The next frame clicked over, and we were back in Chloe’s room. The camera zoomed in on a crime-scene tech who was holding a print brush and pointing to two black spots on her dresser. I hit pause. “Dale’s prints. Just the pinkie and ring fingers on the left hand. But since they’d been dating for two months, those prints don’t worry me.”

I clicked through the frames until the camera moved back into Paige’s room. “These prints do.” The camera focused on the same crime-scene tech, who was now pointing to black spots on top of Paige’s nightstand, which was just a foot away from her body. I let the disc play as the camera followed the crime-scene tech to the drawer of the dressing table that’d been thrown to the floor. He was pointing to three more black spots. “And especially these.”

I paused the disc again. “I know Dale might’ve gone through their apartment with the crime-scene tech back when he took the burglary call. But prints on that drawer and the nightstand probably mean he was in that room recently, because those areas get a fair amount of use.”

Michelle sighed. “And I’d think Paige would’ve cleaned that nightstand fairly regularly.”

Alex shrugged. “Even if she didn’t, that burglary happened two months ago. If Dale left his prints there when he was investigating the burglary, wouldn’t you think they’d have rubbed off by now? A nightstand, a dressing table—they get a lot of use.”

I nodded. “Though prints can hang around for a long time if the conditions are right.”

“Did they get any of his prints on that butcher block in the kitchen?” Michelle asked.

“No. But he wouldn’t have to touch it to pull out a knife. And a cop would know better.”

Alex frowned. “So wouldn’t a cop know better than to leave those prints in the bedroom? How come there’s no evidence the place was wiped down?”
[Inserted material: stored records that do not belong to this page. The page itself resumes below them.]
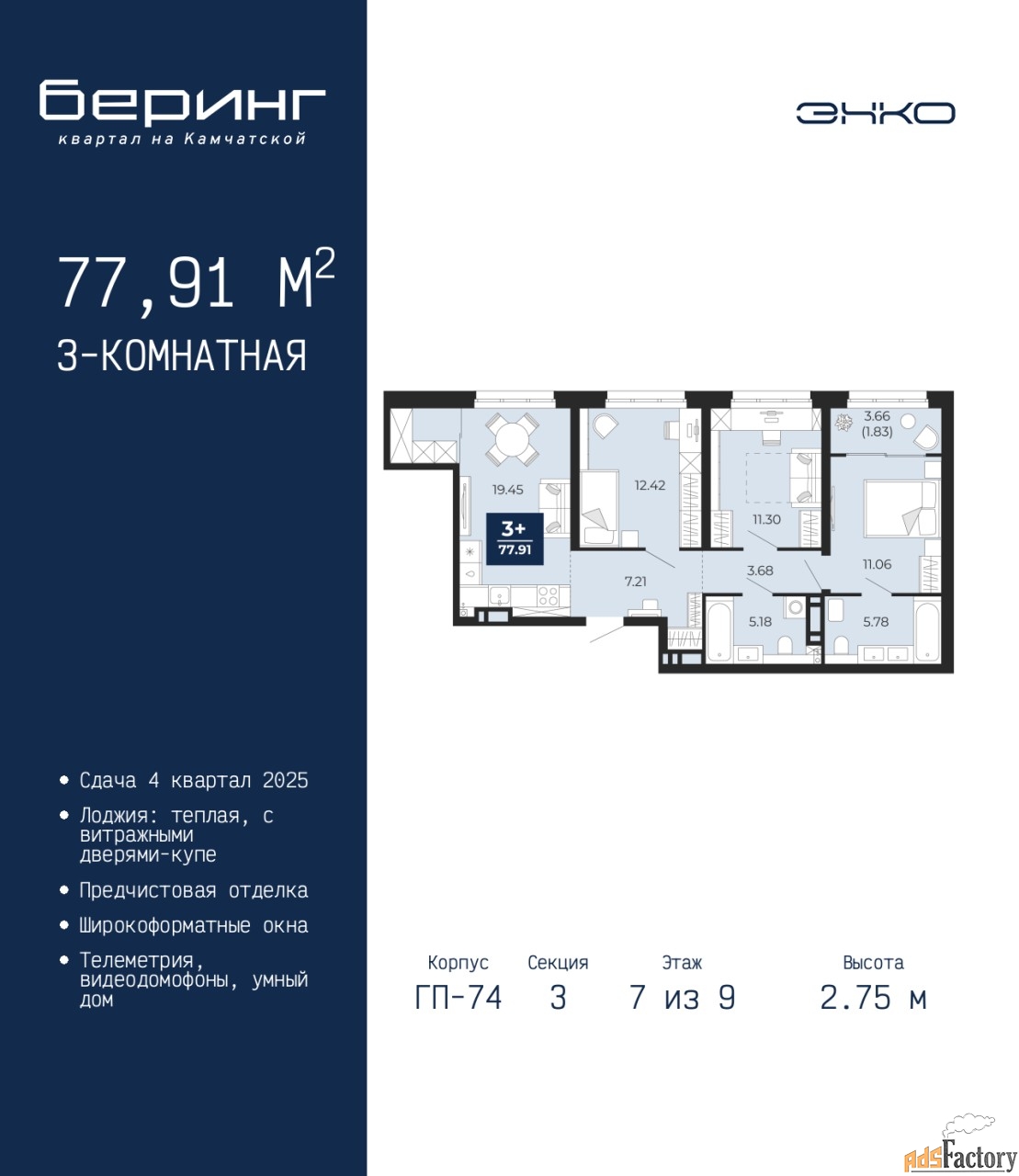 | Общая площадь (кв.м) | 77.91 |
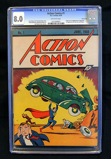 穿蓝色紧身衣、披红色斗篷的“超人”随1938年第一期《动作漫画》上市而“诞生”。《动作漫画》创刊号面世时售价10美分,现阶段大约100本留存于世。
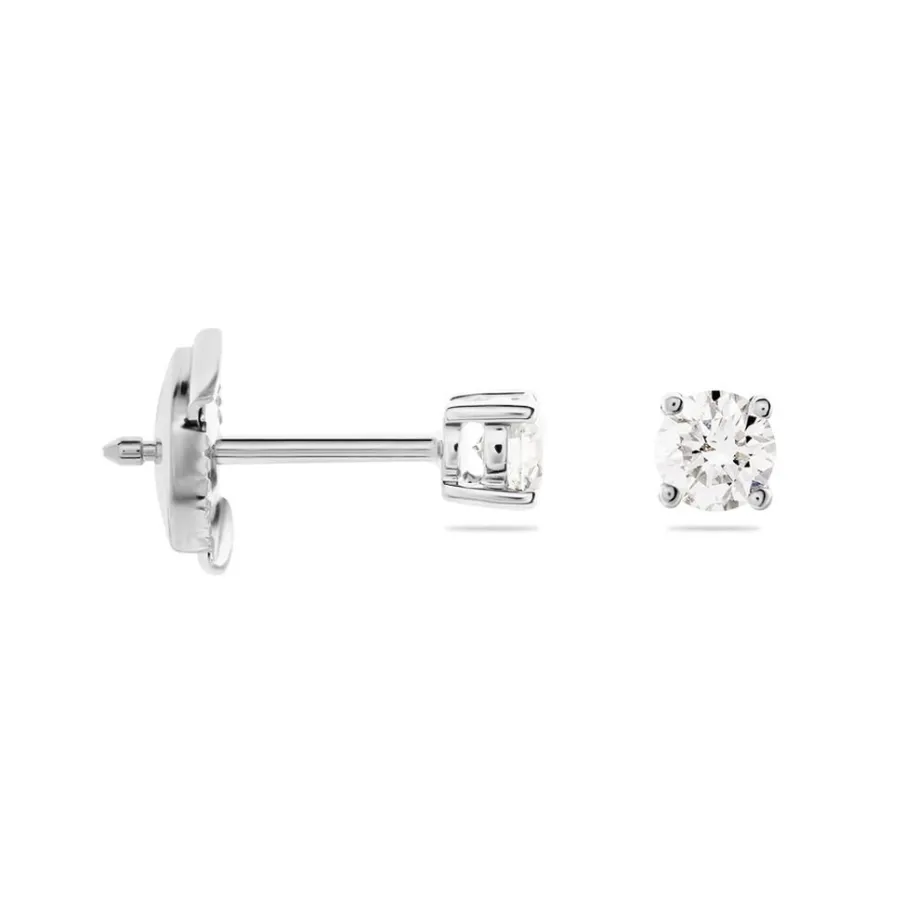 Boucles D’oreilles Platine 950/1000 Puces Diamants 0.30cts Sertis 4 Griffes Systemes Alpas
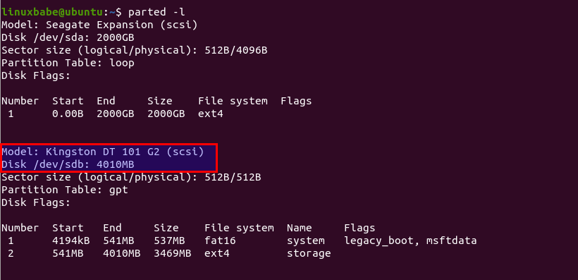 sudo parted -l
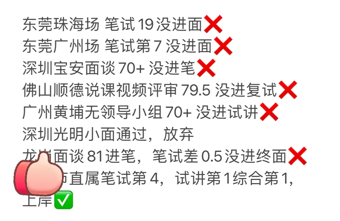 是i 人但要考教师编 一些面试的心态调整 #教师招聘考试 #i人面试 📮最近好些姐妹问 “我是xx学历考xx城市有希望吗?会不会被刷”“我面对考官就紧张 话都说不好” 可以先向内问自己 你期待我怎么回答 为什么会这样提问 你在担忧什么 如果我说你可以 你就可以笃定然后不自我怀疑吗? 考编不仅仅是对个人专业知识的考查 个人心态准备也很重要!你可能跑了好多场仍然没有上岸 可能开始内耗怀疑自己是不是适合当老师 可能有好几次就差一点点上岸 没关系啊大家都一样 重要的是怎么调整好心态哇! 💡图片是我今年秋招的过程 我害怕人多 尤其面对有权威的长辈更容易紧张 两年前因为考研复试紧张不断说车轱辘话 最后结果就是被一志愿刷掉 最终调剂才上岸 在那之后我不想再因为社恐错失重要的机会 跑招过程中我转变心态的tips: 1⃣️不要试图克服紧张情绪 我就是内向容易紧张的 我接纳它的存在 所以考场紧张的时候告诉自己:是的 我很紧张 没关系 它不会把我先前的准备偷走 2⃣️积极想象 还没开始考试为什么想象自己话都说不利索的情景呢?换个方向 想象你顺利的走进考场 从容大方的进行了测试 展现了自己的专业素养 面试顺利的进行着... 3⃣️究原因 过分紧张源于放大的“自我”。担心自己的某个回答不够好、讲述的过程磕巴了、是不是给人留下很差的印象,把面试过程中会正常出现的情况“灾难化”,但其实你没那么多观众,对于考官而言当天见了太多的考生,你那些“问题”他过了这场考试还记得吗?所以~ 不要试图完美 我们不是名师 只是即将毕业的新手教师 让考官看到 你有潜力成为合格的老师 就好 落落大方能打败95%的对手 4⃣️一点“xuan学”:无心生大用 考编的过程不要太想得到 没有什么是非你不可的 这场考不上 那就当作我和这个学校/这个区没有缘分 下次换个地方试试 当然 每次考完需要复盘 哪里做得好继续保持 哪里可以继续提升 做到战术上重视战略上藐视 你就是去上课展现自我的 不是去考试 如果你觉得换个头像 换张壁纸 去寺庙 能够有加持 那就去做 给自己积极的暗示(考试当天我和考友的闹钟是好运来 我两都上岸了🤣) 总之,接纳——积极想象——不需要完美——不是非要得到——命运自有安排 that’s all #教师考编 #教招面试 @薯条小助手 |

I pointed to him. “Exactly. And that’s one of the points we’ll make. But keep an eye out for follow-ups from the crime-scene tech saying he went back for a second look and found wipe marks.”

Michelle scanned her notes. “What about DNA?”

“They’ve got Dale’s skin under Chloe’s nails, his sweat on her arm, and a trace of his blood on her right index finger. That all fits with them having a fight.”

“Any on Paige?”

“No. Which I’d call good news, except she got stabbed from behind. There was no sign of a struggle, no bruising or scratching on her body. The coroner’s theory is that she was stabbed in the back first, then stabbed in the throat after she fell. So there wasn’t much contact. And Dale’s hair is short. He wouldn’t shed much.”

Michelle nodded. “Makes sense. Paige was just a witness who had to be killed. Wrong place, wrong time. Not a girlfriend who’d been driving him crazy. He’d have known to be careful.”

Alex rubbed his neck. “So we can use the ransacking to say the burglar did it, and if there’s no evidence anyone tried to wipe the place down, we can use that to say the killer couldn’t be a cop. Any other good news?”

“We have the usual stuff that doesn’t fit.” Every crime scene has it. The cops pick up everything in sight, so there are always pieces of evidence that don’t match up to anything—or anyone. “They got some stray hairs on Paige’s robe that don’t look like hers or Dale’s. But there were no roots, so there’s no DNA. Can’t even tell what gender the hairs are. And it’s a terry-cloth robe, so hairs would stick to it for some time. They could belong to anyone—the cleaning lady, a friend who borrowed the robe, someone who used the dryer in the apartment building before she did.”